In recent years, this approach to the HCP has led
to a number of alternative formulations and
algorithmic approaches involving researchers from
a number of countries. In this lecture we focus on
a specific embedding due to E. Feinberg from SUNY
at Stony Brook. The latter leads to a suitably
constructed parametrized polytope of discounted
occupational measures that can be used as a domain
where Hamiltonian solutions can be sought. It is
known that whenever a given graph possesses
Hamiltonian cycles, these correspond to certain
extreme points of that polytope.
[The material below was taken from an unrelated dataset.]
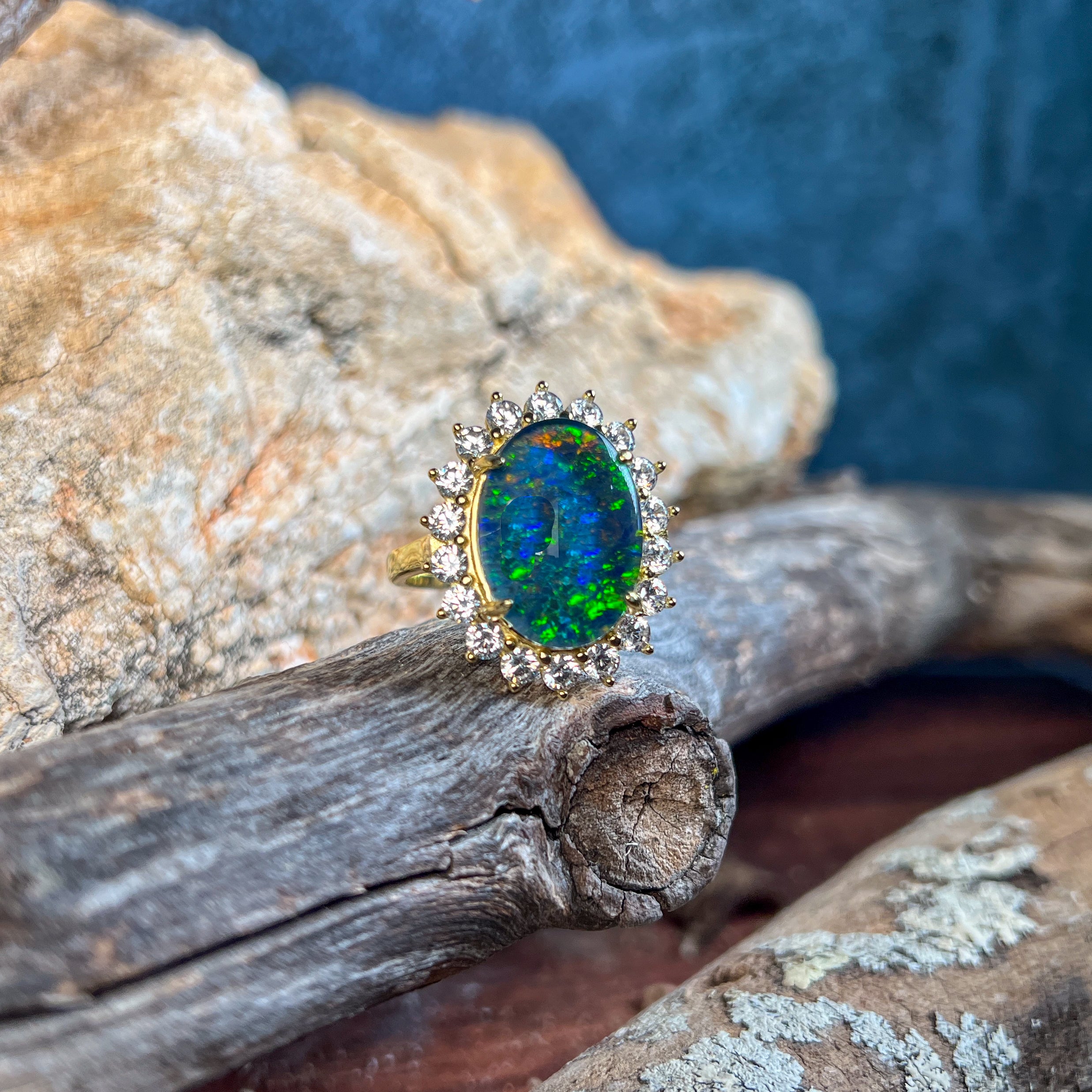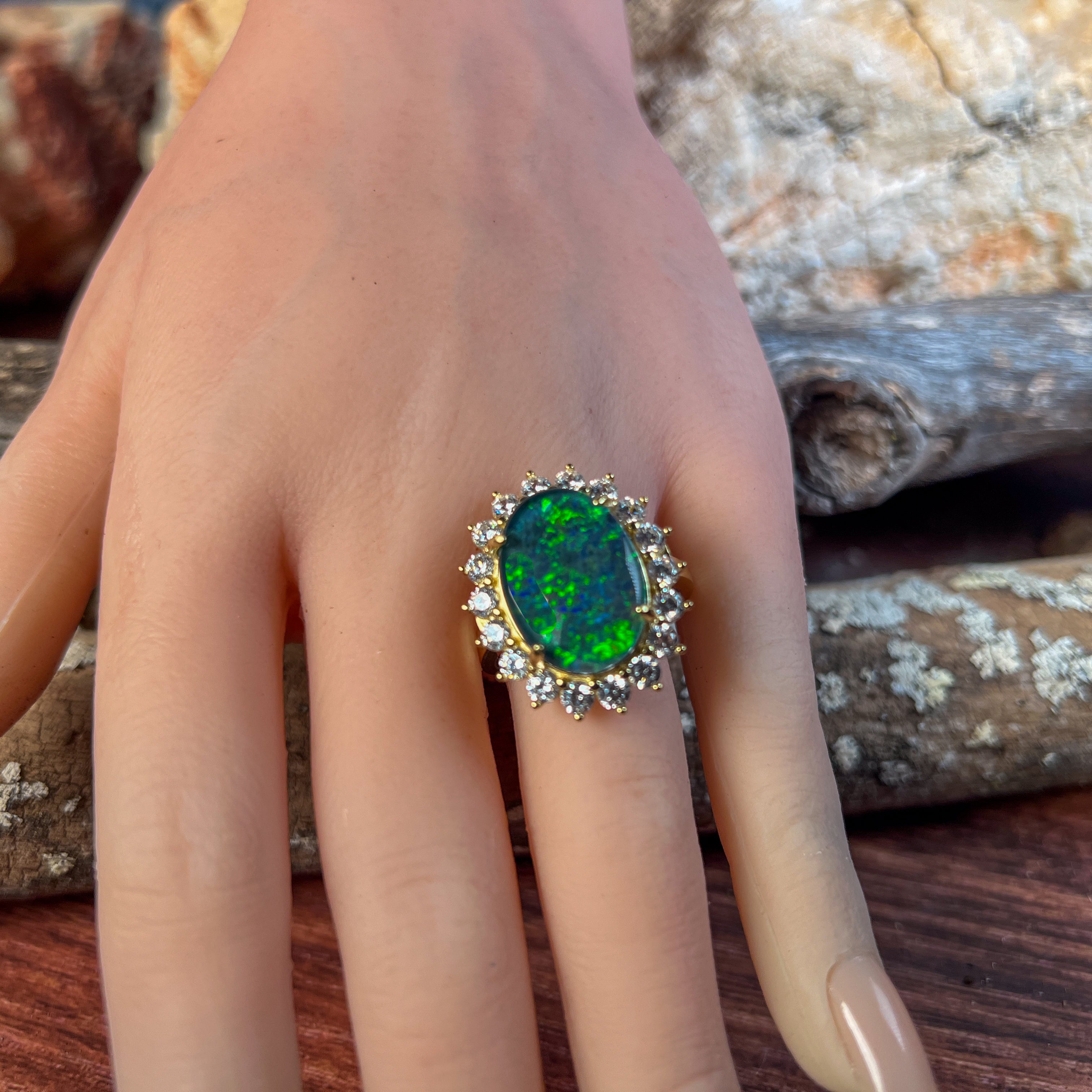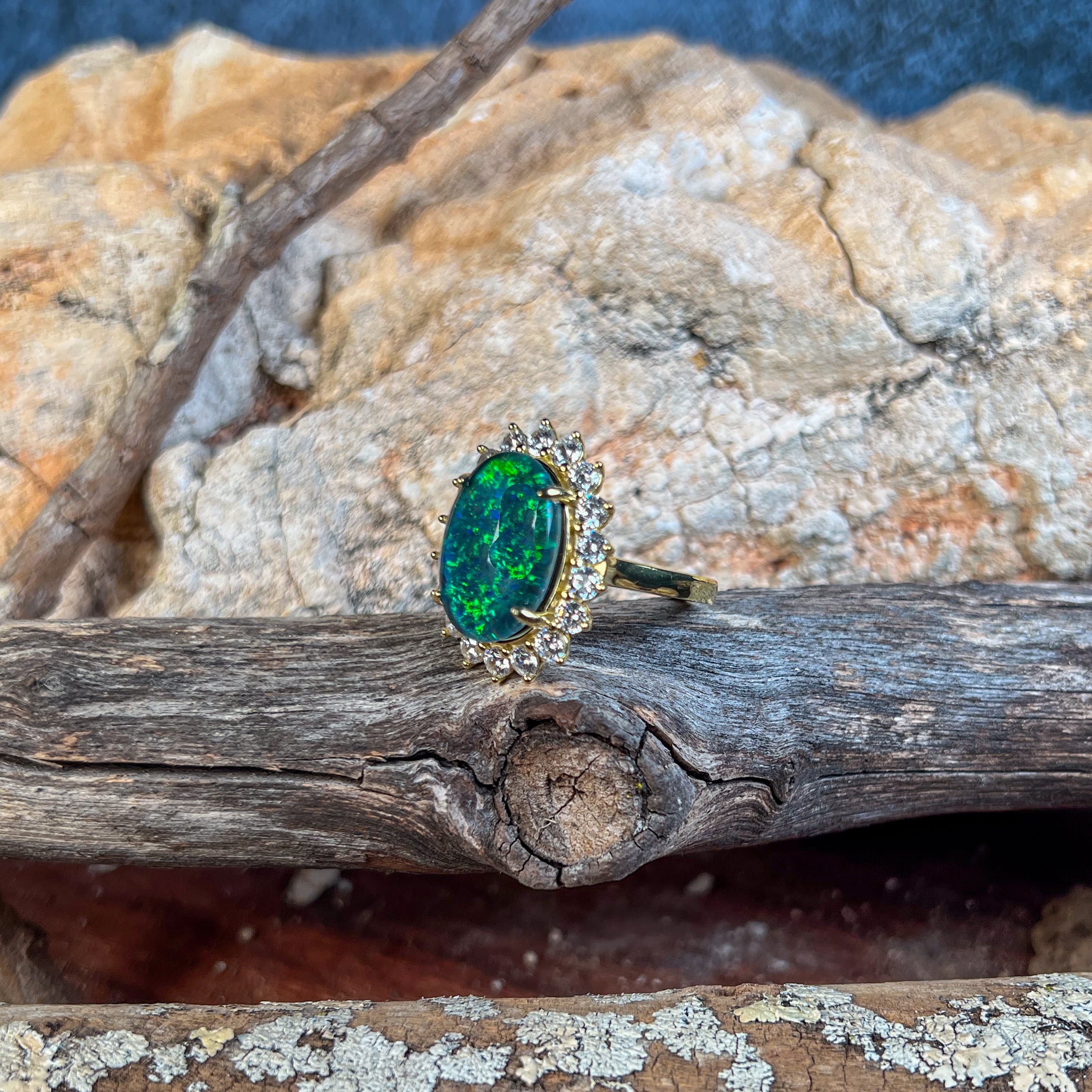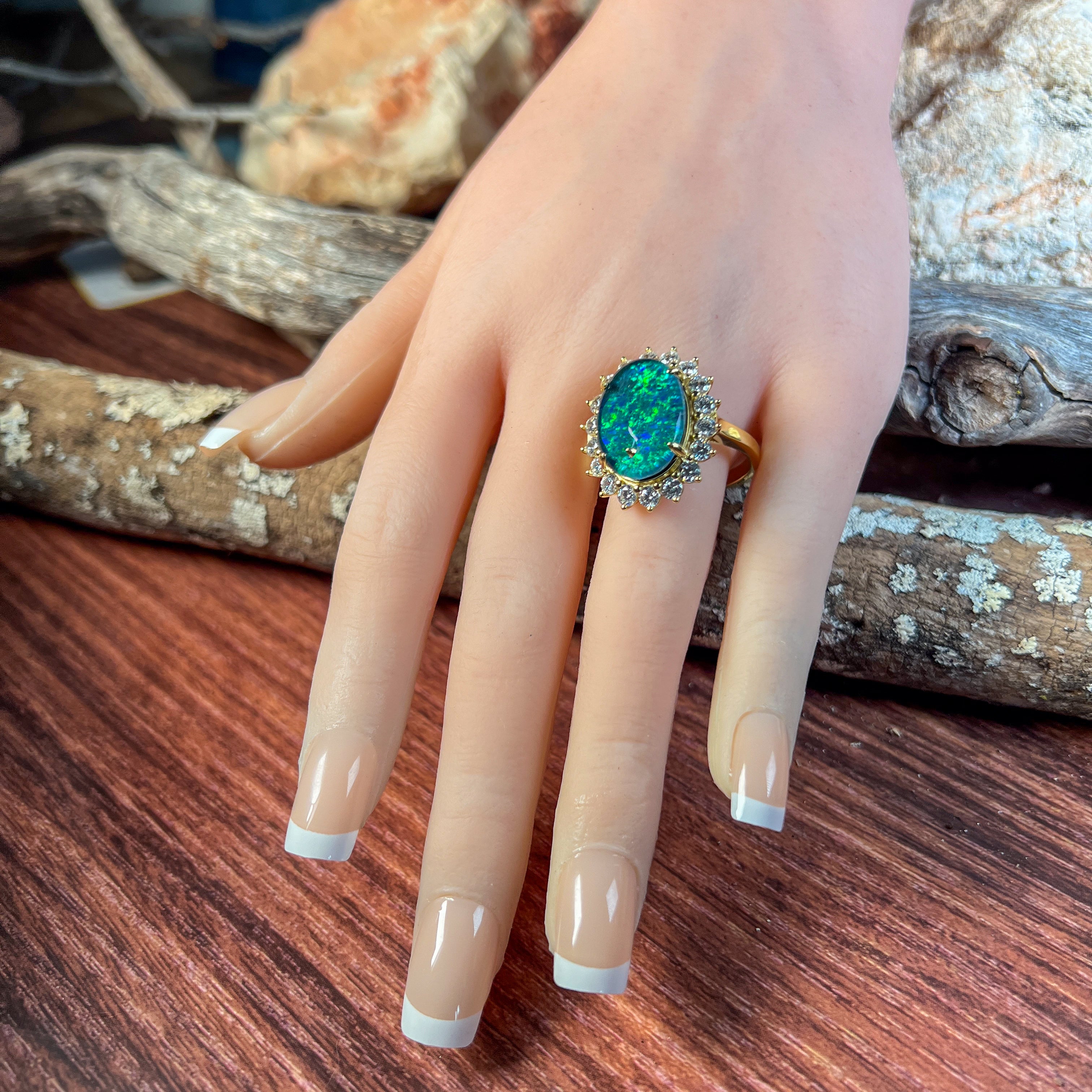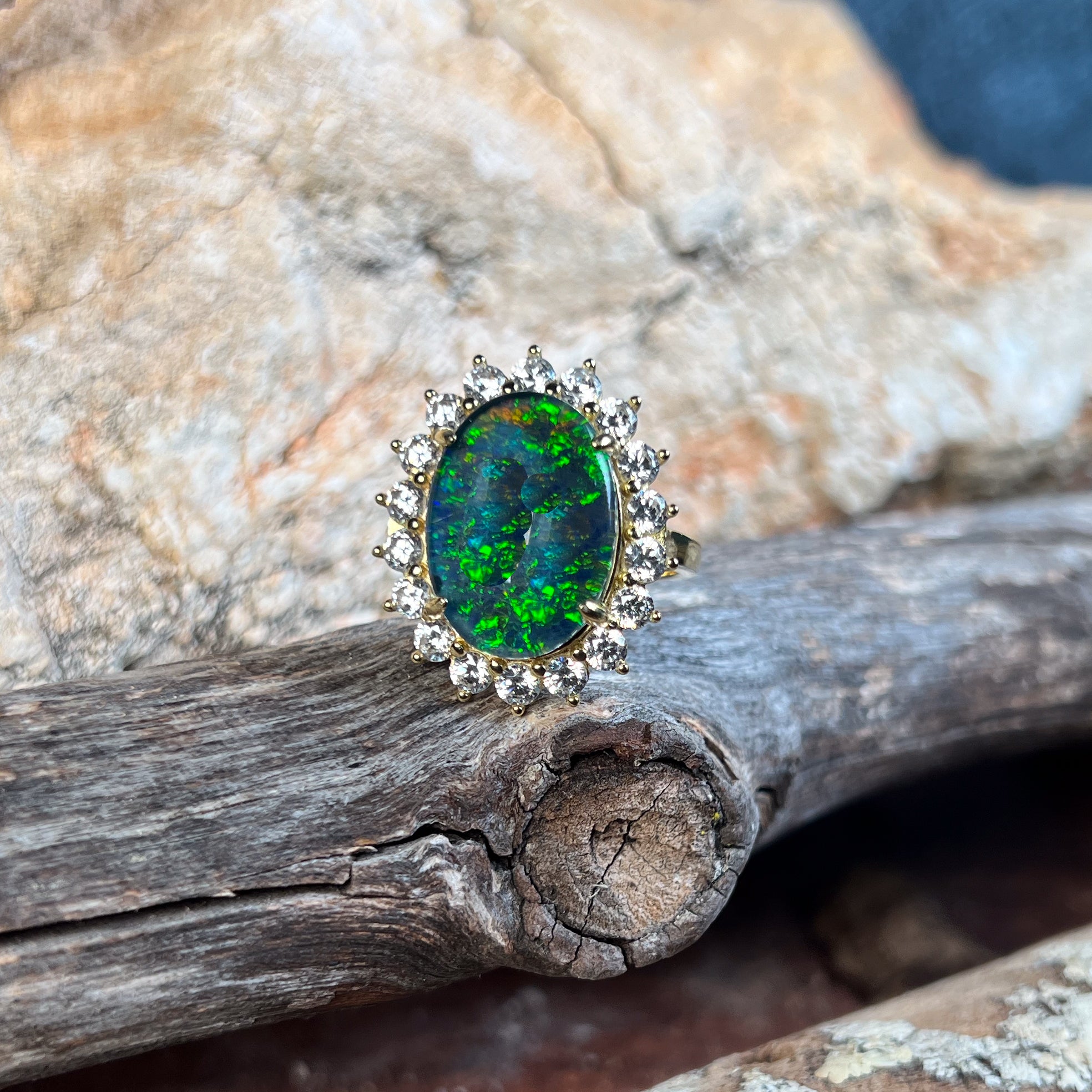 Elevate your everyday elegance with this stunning gold plated sterling silver cluster ring, featuring a magnificent 18x13mm opal triplet at its heart. The layered opal stone captures light beautifully, displaying those mesmerising colour-play flashes that make opals truly captivating. Crafted from quality sterling silver with luxurious gold plating, this piece combines durability with sophisticated style. Perfect for those seeking a statement ring that's both eye-catching and wearable, this cluster design adds dimension and visual interest to any hand. An investment in timeless beauty that celebrates the natural wonder of genuine opal.

It can be
demonstrated that a relatively small number of
additional constraints and a judicious choice of
the value of the discount parameter can ensure
that Hamiltonian solutions are no longer rare
among extreme points of this modified sub-polytope
of occupational measures. The latter observation
leads to a promising random walk algorithm on the
extreme points of that sub-polytope. We present a
conjecture concerning the algorithmic complexity
of this algorithm. In addition, we consider the
limiting--parameter free--polyhedral region that
can serve as a basis for determining non-Hamiltonicity
of cubic graphs. Numerical results indicate that
determining non-Hamiltonicity of a great majority
of non-Hamiltonian cubic graphs is likely to be a
problem of polynomial complexity despite the fact
that HCP is known to be NP-complete already for
cubic graphs.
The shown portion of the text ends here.